→ Problem requirements: Please print, exactly as written, the line containing "本体のロールトップ部には柔軟性の高い素材を採用し気密性を上げている。" and each line after it through the end of the material; pictures stay out.

→ Data provided:
++++++++

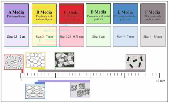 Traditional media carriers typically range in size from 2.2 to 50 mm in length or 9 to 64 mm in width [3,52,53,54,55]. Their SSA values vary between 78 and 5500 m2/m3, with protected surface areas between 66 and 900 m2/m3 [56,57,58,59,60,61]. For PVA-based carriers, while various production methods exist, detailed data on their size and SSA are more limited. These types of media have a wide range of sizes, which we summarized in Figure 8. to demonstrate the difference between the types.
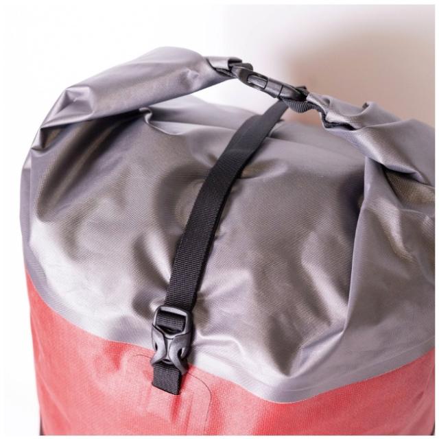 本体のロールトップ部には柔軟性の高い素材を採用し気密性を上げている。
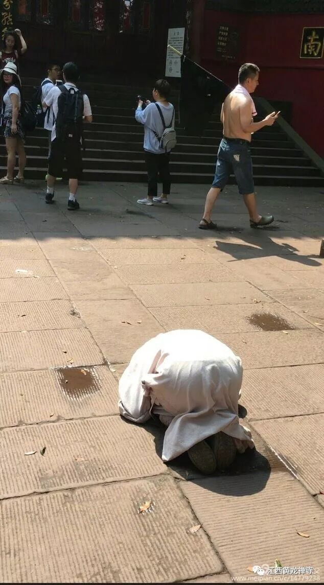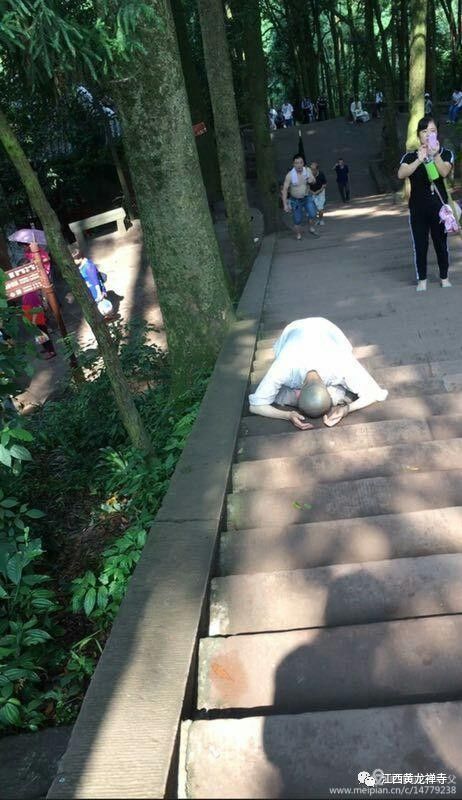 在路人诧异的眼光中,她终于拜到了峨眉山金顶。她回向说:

++++++++

→ Output for this exercise:
 本体のロールトップ部には柔軟性の高い素材を採用し気密性を上げている。
 在路人诧异的眼光中,她终于拜到了峨眉山金顶。她回向说:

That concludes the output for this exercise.